→ **TASK GOAL**:
In the entries that follow, the lines from the line containing "Bosch - Serie" up to and including the line containing "Scared kid with tablet PC in spectacles" must be copied exactly, with pictures omitted.

→ **DATA TO USE**:
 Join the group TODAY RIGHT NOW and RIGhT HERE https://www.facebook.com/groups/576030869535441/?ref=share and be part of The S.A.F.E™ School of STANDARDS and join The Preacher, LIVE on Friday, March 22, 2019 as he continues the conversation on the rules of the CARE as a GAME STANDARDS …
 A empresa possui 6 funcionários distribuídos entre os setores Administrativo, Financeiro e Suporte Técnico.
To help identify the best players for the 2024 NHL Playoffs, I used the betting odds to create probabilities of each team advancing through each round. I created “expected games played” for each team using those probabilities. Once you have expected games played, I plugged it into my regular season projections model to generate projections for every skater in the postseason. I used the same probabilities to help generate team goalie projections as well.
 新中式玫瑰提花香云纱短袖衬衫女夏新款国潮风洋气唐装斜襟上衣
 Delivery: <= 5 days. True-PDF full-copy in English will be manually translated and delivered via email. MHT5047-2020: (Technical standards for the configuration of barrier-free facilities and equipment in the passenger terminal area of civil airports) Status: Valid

---

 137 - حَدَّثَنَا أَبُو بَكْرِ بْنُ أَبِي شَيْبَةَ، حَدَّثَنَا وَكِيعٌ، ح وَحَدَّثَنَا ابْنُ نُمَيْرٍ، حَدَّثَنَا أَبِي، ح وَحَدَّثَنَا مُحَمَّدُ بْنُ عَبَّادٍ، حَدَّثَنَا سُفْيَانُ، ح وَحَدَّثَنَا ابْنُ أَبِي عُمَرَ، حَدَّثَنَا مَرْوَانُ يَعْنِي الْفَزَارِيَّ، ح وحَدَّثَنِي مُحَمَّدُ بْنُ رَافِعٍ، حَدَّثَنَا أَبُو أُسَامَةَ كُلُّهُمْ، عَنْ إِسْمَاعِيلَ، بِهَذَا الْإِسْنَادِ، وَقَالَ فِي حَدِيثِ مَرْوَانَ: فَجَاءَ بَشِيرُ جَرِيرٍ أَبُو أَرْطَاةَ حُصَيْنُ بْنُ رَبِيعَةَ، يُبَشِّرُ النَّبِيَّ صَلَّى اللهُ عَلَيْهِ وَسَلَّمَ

---

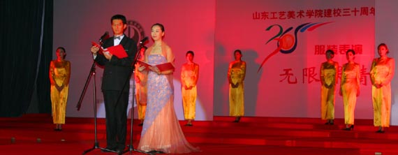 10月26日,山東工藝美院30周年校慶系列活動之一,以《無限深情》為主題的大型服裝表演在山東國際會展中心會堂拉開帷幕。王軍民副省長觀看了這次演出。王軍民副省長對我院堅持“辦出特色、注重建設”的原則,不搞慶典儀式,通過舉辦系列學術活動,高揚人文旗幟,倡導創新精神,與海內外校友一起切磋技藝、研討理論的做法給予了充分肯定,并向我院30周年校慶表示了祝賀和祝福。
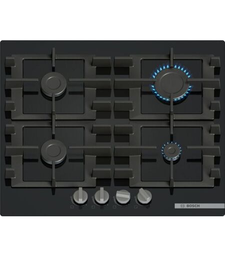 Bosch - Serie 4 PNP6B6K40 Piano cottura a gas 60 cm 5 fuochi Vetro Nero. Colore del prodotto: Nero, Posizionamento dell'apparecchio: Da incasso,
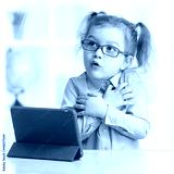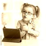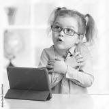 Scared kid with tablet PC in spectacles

→ **RESPONSE TO THIS EXERCISE**:
 Bosch - Serie 4 PNP6B6K40 Piano cottura a gas 60 cm 5 fuochi Vetro Nero. Colore del prodotto: Nero, Posizionamento dell'apparecchio: Da incasso,
 Scared kid with tablet PC in spectacles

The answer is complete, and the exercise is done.